I'm also a father of two so I understand what it's like to have kids return from playing in the yard with muddy feet.

Here's a suggestion:  Let nature take its course to a certain extent. Take some of the areas that are mucky and that don't seem to dry-out and naturalize them.  Instead of grass put in native plantings at these areas.  There are native plantings, natural to your area, that are wet tolerant and drought tolerant.  They have deeper root zones than grass and will help stabilize the soil and soak up the water.  There are many varieties of native plantings.  Local garden/ landscaping stores and maybe even the natural resources department for your state may have information available.  I know it chews up yardspace, but it's probably cheaper than other alternatives.  Naturalized plantings can look very attractive (multiple flower colors, etc) and can add to the beauty of your yard.  If your not sure, spend a little money and try a small area at first and see if you like it.  In my community the local drainage district actually pays for 50% of the cost of the plants for a rain garden installation through a grant program they administer, which is kind of a similar application. Just a thought.  Hope this helps, good luck.


----------



## fiji-fa5 (Apr 28, 2009)

Has anyone heard of this? Panhandler Someone here recommended it as when baseball fields flood he used this to dry it up quicker.


----------



## cibula11 (Apr 28, 2009)

Installing a sump pit and pump would be fairly inexpensive, but also require you to figure out where to pump the water.  I'm sure neighbors wouldn't appreciate your water in their yard.  Another "band-aid"  depending on the size of the area in your yard, would be to create a rain garden.  Essentially you collect the water in an area of your yard (which it sounds like is happening naturally) and you fill the area with rocks and water loving plants.  You can install a drain near the lowest spot and water would drain slowly over a few hours.  You can google them to see some pics.


----------



## handyguys (Apr 28, 2009)

no idea about panhandler, my guess is it would be a waste of money. You have gotten some good advice here but I'm not sure you heard it.

option 1 - 





> "No one will be able to give you a guaranteed fix to an unknown problem
> 
> They built on a wet land
> This is what happens
> ...



This is a good assessment of the situation - The solution is to re-grade and let gravity do its thing. It sounds like your mess of pipes are one bandaid already tried. You may need to incorporate a swale or stream. The general rule is 1/4" per foot of slope for run-off. In your case, it sounds more extreme, you may want to slope 1" per foot or more. A good engineer like ddman would be able to do a proper assessment and recommend a fix. No one will guarantee a fix.

option 2 





> Here's a suggestion: Let nature take its course to a certain extent. Take some of the areas that are mucky and that don't seem to dry-out and naturalize them. Instead of grass put in native plantings at these areas. There are native plantings, natural to your area, that are wet tolerant and drought tolerant. They have deeper root zones than grass and will help stabilize the soil and soak up the water.

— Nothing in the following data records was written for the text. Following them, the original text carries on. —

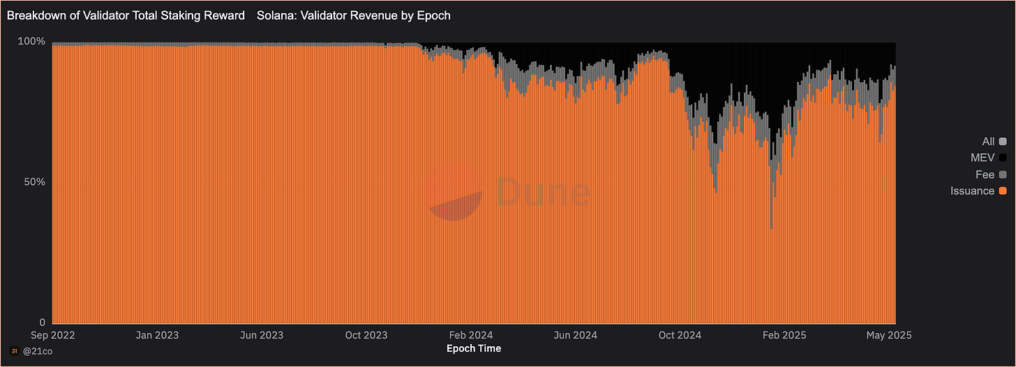 For earnings, Solana validators earn from inflation/issuance rewards (on their stake), priority fees (tips), and MEV. Most of the rewards come from issuance. However, tips also make up a good portion. According to Blockworks research, $240 million in priority fees/tips flowed to validators in Jan 2025 alone.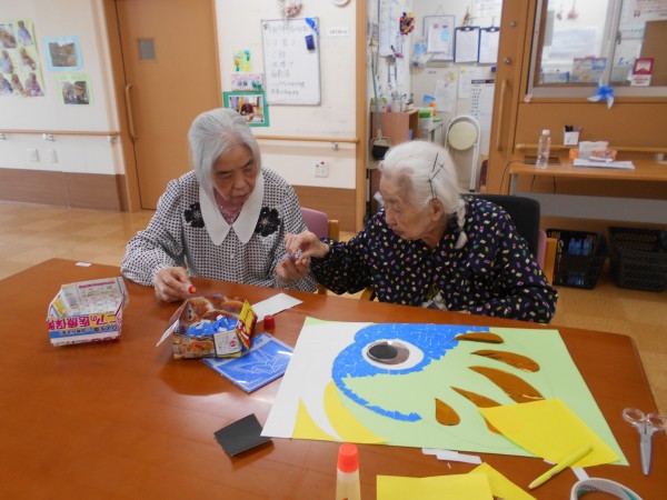 折り紙をちぎってのり付けをする方と、折り紙を貼る方といいチームワークをみせておられました(*^^)v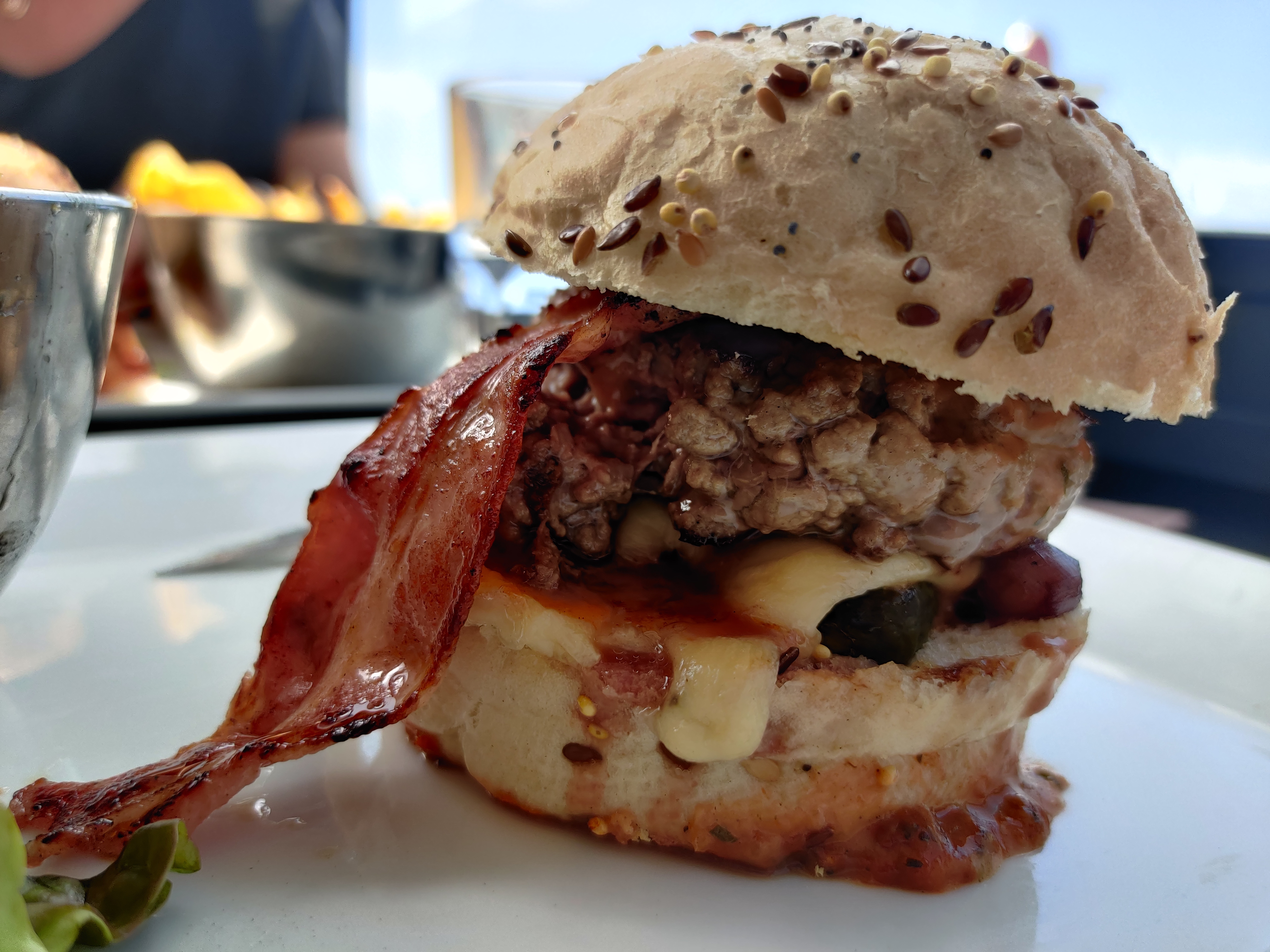 Le quart de tomate, la rondelle d’oignon et la demie feuille de salade défraîchie n’ont pas réussi à sublimer le burger. Quant aux coquilles de moules vides, un récipient n’est toujours pas arrivé après 3 relances pas plus que la carafe d’eau. Ce qui a permis de manger le dessert au milieu des coquilles. Tout cela était la suite d’un apéro bien long où les tapas sont arrivées 30 minutes après les boissons. Le service est un métier, il est encore temps d’engager une reconversion professionnelle. Nb: L’hygiène des toilettes ??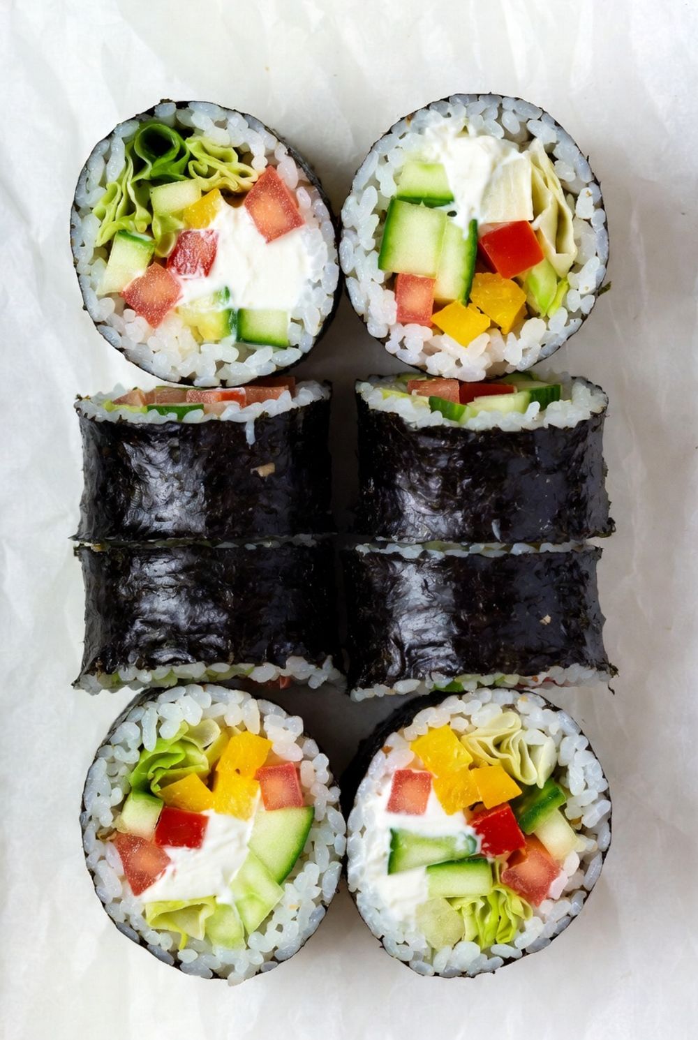 Нори, рис, огурец, помидор, перец болгарский, капуста пекинская

This will be cheaper and may look nice but again, no guarantees. If you do just a little grading and create the "rain garden" natural wetland area you may be fine. I have also heard it suggested that weeping willows will absorb a lot of water. I do not know if hey will grow in your area.

Do this - First decide what outcome you want. Do you want hard surface like concrete? Then get multiple quotes for that. Do you want a lawn on the cheap? Go with the garden and some grading and hope for the best. Do you want to dry things out for good? Get a hydrological engineer and spend the time/money on a consult and implementation. 

Deciding where you want to end up will help you focus your energies on the right solution for you.


----------



## Guncho (Apr 13, 2010)

I certainly hope you do not find a bandaid solution and pass your problem on to someone else.  It's your problem, deal with it.


----------